WORK TO COMPLETE =
Where the string "octubre" shows up in a line of the records, copy that line.

THE INPUT =
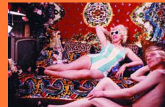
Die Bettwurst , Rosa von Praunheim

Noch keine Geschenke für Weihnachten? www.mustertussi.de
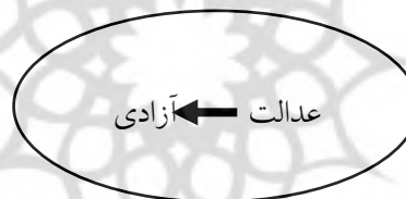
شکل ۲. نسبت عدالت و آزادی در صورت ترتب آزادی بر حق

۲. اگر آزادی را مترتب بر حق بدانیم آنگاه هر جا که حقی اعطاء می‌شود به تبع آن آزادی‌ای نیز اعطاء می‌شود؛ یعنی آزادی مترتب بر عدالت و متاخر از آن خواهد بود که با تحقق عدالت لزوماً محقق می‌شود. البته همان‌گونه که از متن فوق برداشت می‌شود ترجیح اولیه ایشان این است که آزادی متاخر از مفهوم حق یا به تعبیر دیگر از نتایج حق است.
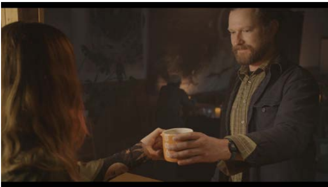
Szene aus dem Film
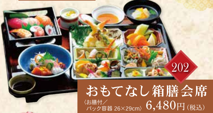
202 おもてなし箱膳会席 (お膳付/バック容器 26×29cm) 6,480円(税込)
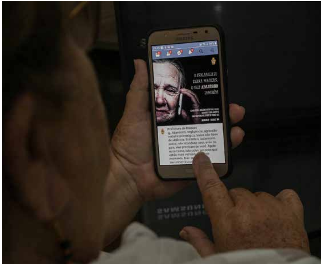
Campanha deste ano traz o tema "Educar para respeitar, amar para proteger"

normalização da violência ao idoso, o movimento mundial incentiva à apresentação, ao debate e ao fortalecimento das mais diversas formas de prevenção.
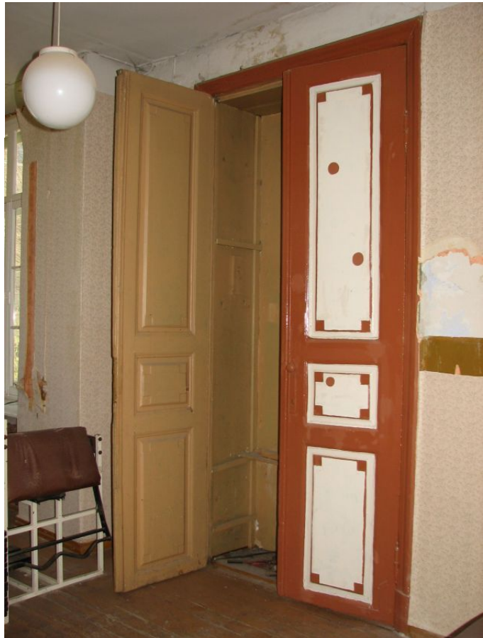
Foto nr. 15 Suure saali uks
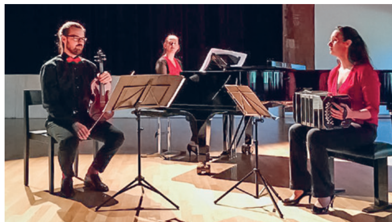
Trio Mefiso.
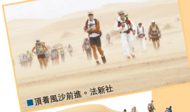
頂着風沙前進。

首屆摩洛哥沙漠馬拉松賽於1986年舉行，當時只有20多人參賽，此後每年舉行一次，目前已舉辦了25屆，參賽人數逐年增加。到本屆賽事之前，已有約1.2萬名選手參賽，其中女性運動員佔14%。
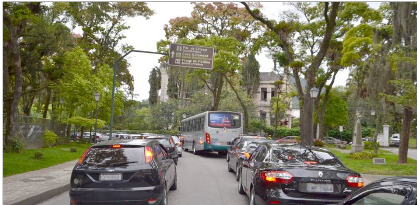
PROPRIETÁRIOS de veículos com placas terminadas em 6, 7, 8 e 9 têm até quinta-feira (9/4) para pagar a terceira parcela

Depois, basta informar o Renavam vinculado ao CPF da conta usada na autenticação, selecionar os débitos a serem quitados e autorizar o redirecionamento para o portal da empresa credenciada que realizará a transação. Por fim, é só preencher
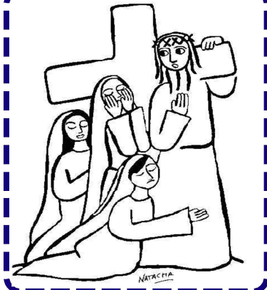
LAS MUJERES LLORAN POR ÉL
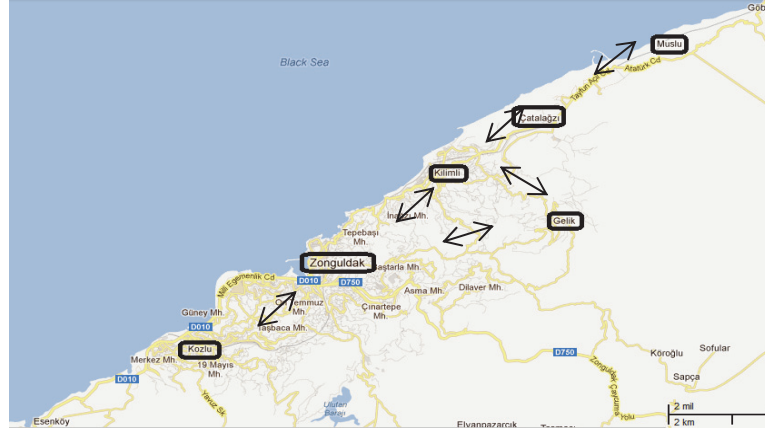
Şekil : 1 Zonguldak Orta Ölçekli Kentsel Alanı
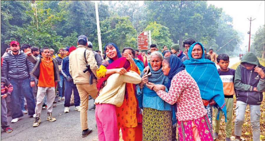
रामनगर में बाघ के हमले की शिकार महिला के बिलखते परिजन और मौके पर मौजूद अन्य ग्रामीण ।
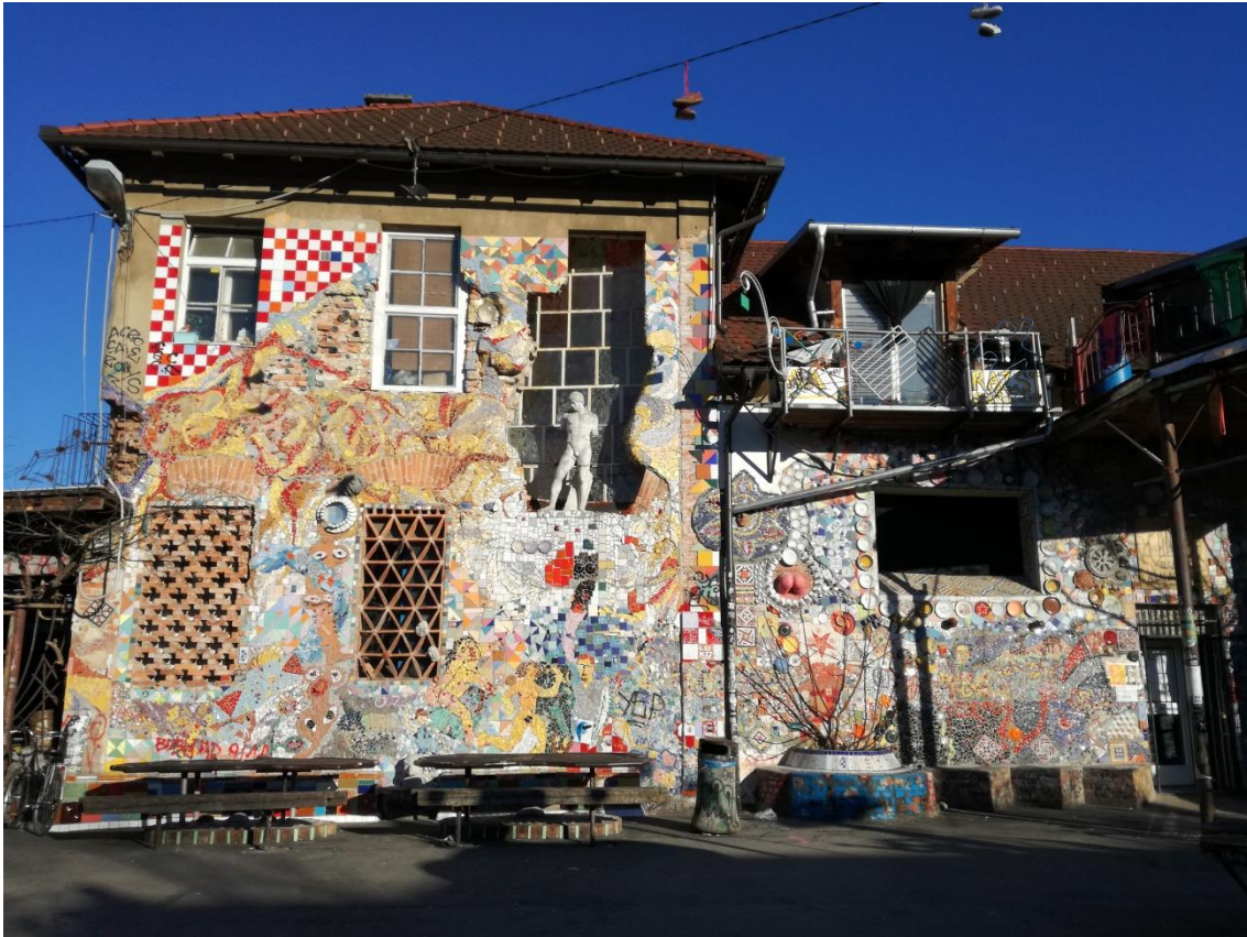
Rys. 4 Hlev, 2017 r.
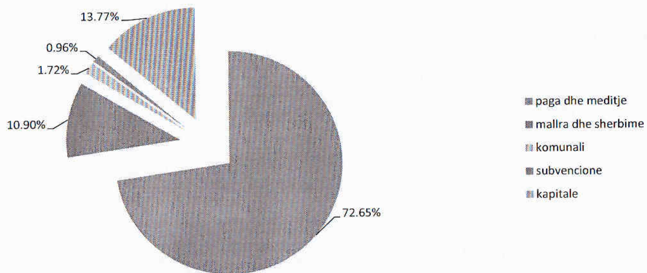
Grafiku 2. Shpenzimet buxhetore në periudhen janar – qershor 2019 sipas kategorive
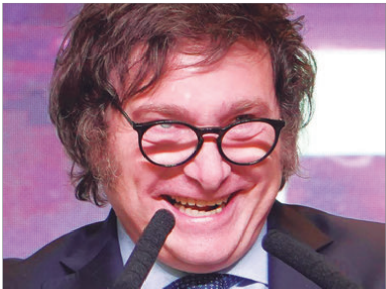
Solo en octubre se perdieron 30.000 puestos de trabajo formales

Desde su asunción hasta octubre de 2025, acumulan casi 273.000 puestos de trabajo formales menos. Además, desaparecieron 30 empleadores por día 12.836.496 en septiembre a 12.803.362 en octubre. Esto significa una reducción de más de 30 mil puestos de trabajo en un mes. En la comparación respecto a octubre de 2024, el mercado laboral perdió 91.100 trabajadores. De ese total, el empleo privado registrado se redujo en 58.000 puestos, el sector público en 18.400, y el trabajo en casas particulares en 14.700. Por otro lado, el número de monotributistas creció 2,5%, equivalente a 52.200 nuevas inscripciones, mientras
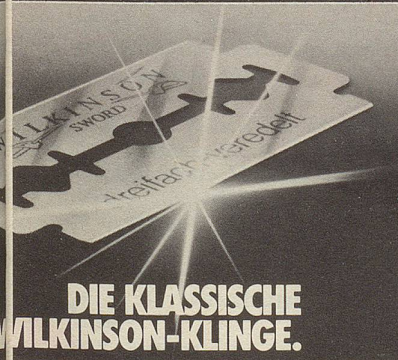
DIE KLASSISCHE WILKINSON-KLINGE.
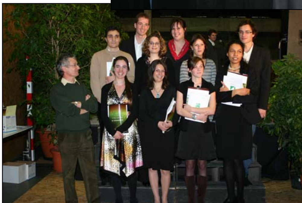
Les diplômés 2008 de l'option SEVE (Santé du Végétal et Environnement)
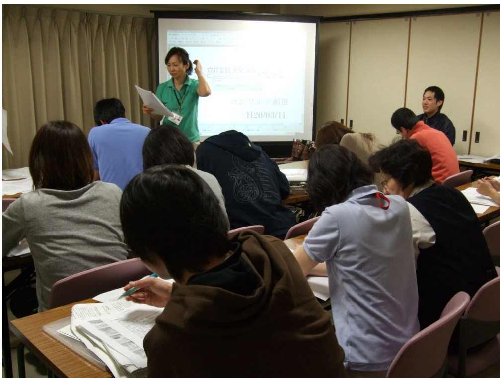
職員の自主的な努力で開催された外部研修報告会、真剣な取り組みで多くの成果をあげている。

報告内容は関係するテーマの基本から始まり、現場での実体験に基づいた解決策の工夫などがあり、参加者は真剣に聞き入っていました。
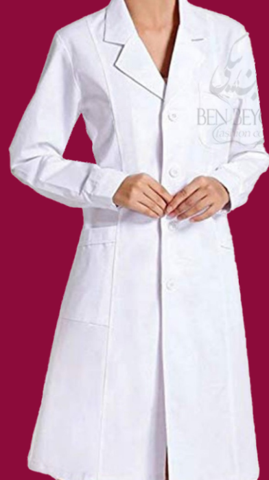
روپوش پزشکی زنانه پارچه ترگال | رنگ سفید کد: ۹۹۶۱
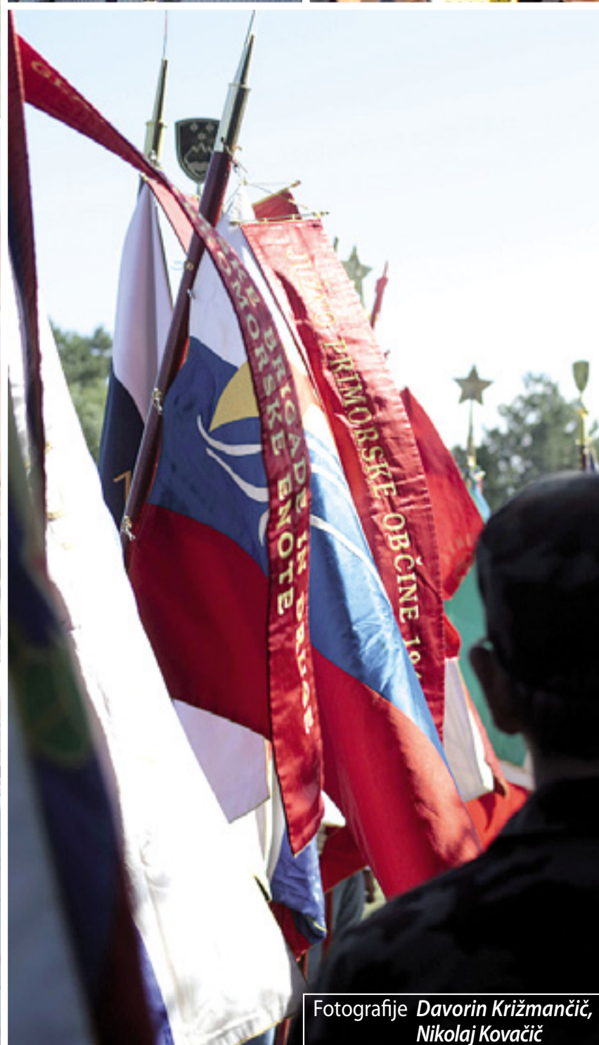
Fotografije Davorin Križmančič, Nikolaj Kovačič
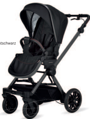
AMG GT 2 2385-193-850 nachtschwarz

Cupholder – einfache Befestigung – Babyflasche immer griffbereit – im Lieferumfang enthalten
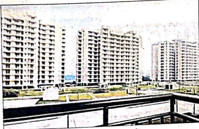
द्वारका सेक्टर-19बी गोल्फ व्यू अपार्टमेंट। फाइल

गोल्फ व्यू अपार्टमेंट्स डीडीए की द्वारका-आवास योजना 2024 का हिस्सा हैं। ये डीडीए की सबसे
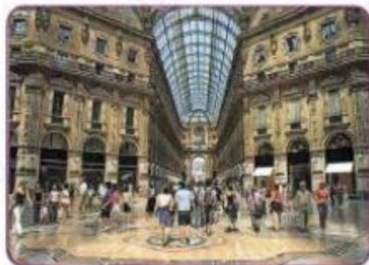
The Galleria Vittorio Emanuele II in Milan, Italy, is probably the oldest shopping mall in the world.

EXERCISE RESPONSE =
Solo en octubre se perdieron 30.000 puestos de trabajo formales
Desde su asunción hasta octubre de 2025, acumulan casi 273.000 puestos de trabajo formales menos. Además, desaparecieron 30 empleadores por día 12.836.496 en septiembre a 12.803.362 en octubre. Esto significa una reducción de más de 30 mil puestos de trabajo en un mes. En la comparación respecto a octubre de 2024, el mercado laboral perdió 91.100 trabajadores. De ese total, el empleo privado registrado se redujo en 58.000 puestos, el sector público en 18.400, y el trabajo en casas particulares en 14.700. Por otro lado, el número de monotributistas creció 2,5%, equivalente a 52.200 nuevas inscripciones, mientras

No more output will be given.